> _Try it_:
Under this line are records; the part from the line containing "V petek, 7." through the line containing "Crafted with Steel" should be repeated exactly. Please exclude pictures.

[[ Supplied data open ]]

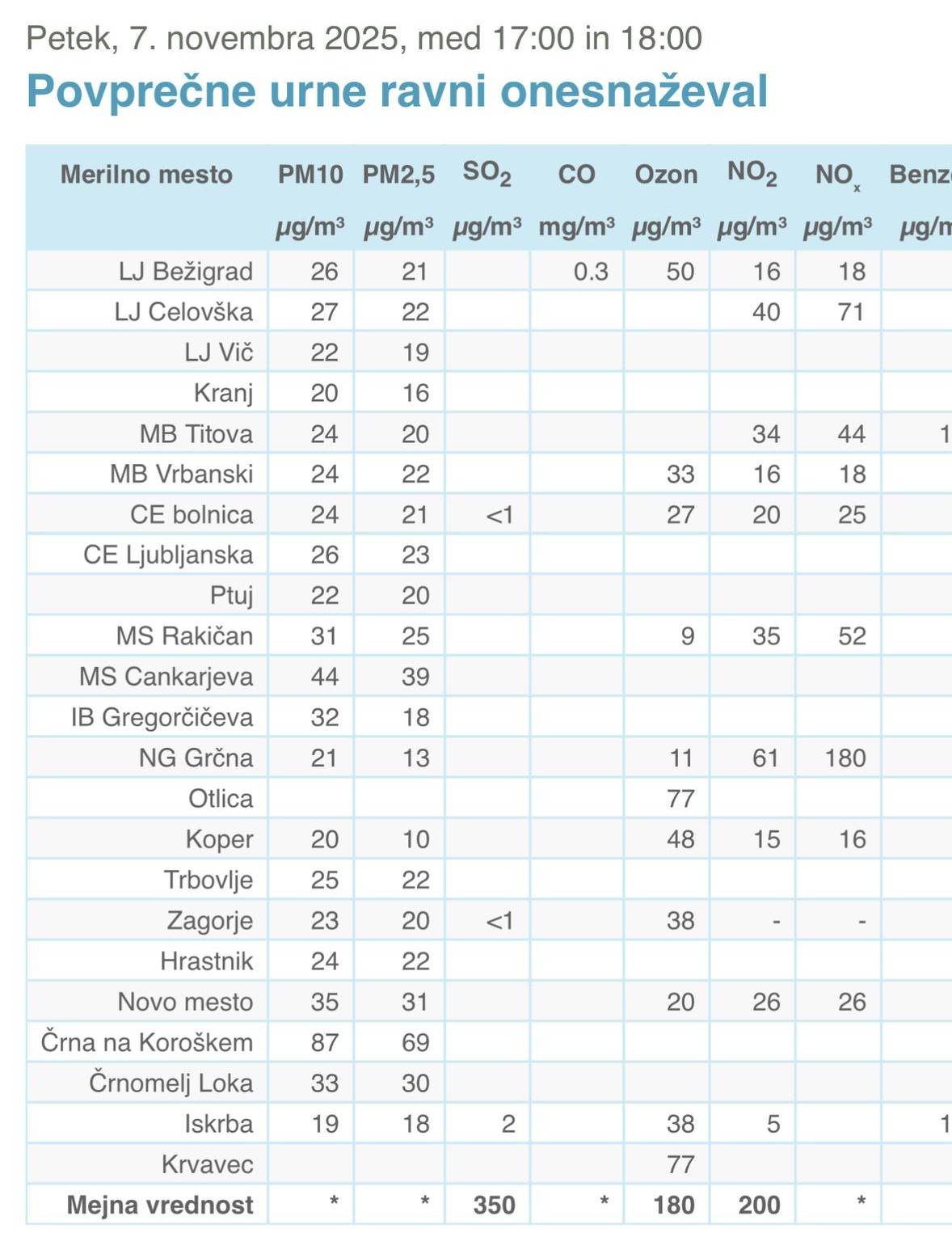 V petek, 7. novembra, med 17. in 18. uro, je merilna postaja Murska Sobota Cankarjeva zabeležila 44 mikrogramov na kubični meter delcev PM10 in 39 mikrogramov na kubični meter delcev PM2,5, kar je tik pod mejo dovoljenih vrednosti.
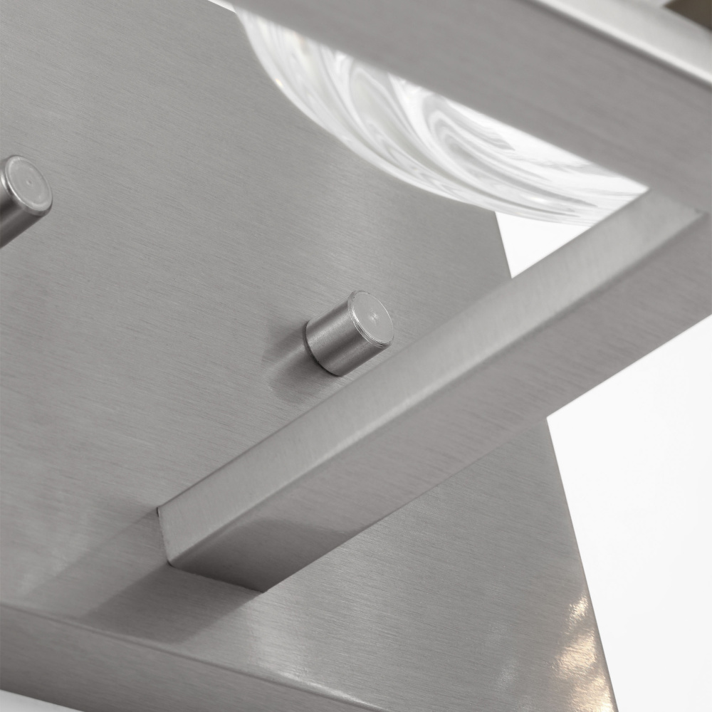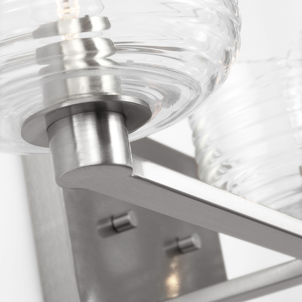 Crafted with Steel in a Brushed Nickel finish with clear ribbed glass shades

[[ Supplied data closed ]]
[[ Supplied data open ]]

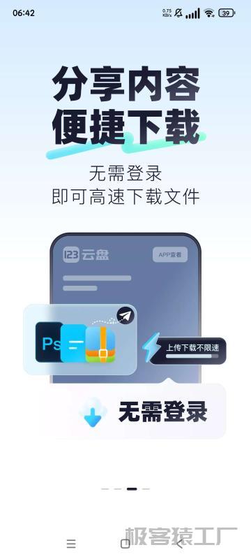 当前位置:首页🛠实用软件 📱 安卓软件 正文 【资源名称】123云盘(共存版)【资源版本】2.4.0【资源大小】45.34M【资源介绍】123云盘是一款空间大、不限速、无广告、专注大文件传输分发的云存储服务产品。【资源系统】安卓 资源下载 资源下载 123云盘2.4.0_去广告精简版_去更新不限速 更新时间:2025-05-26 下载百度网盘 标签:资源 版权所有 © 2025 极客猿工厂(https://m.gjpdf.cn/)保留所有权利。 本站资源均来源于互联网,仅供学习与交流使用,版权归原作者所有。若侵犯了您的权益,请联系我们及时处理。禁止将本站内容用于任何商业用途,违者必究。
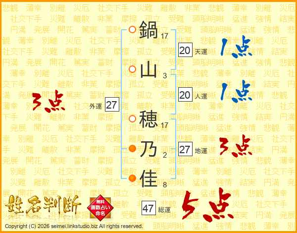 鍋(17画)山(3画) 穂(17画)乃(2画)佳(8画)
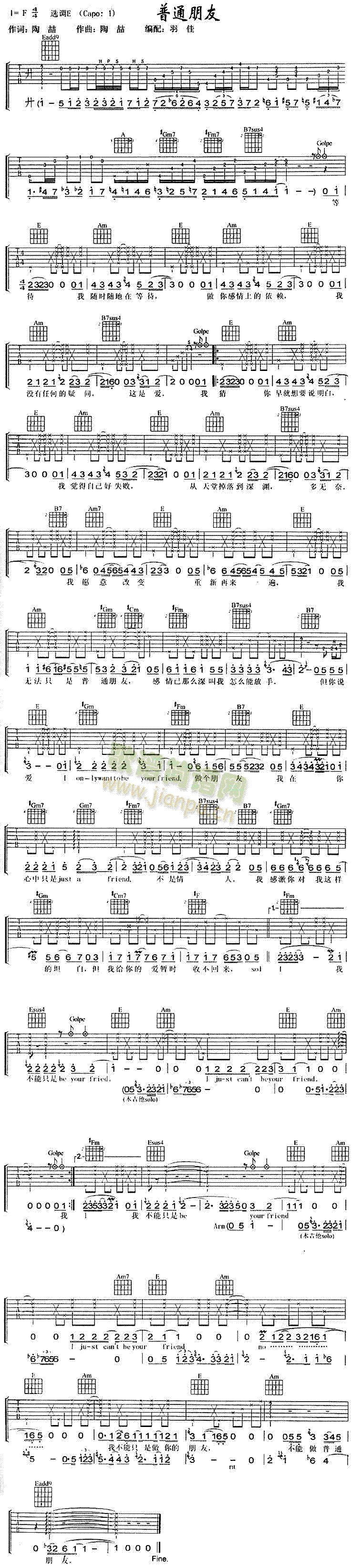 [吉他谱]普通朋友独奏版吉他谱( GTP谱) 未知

[[ Supplied data closed ]]

> _Solution for this exercise_:
 V petek, 7. novembra, med 17. in 18. uro, je merilna postaja Murska Sobota Cankarjeva zabeležila 44 mikrogramov na kubični meter delcev PM10 in 39 mikrogramov na kubični meter delcev PM2,5, kar je tik pod mejo dovoljenih vrednosti.
 Crafted with Steel in a Brushed Nickel finish with clear ribbed glass shades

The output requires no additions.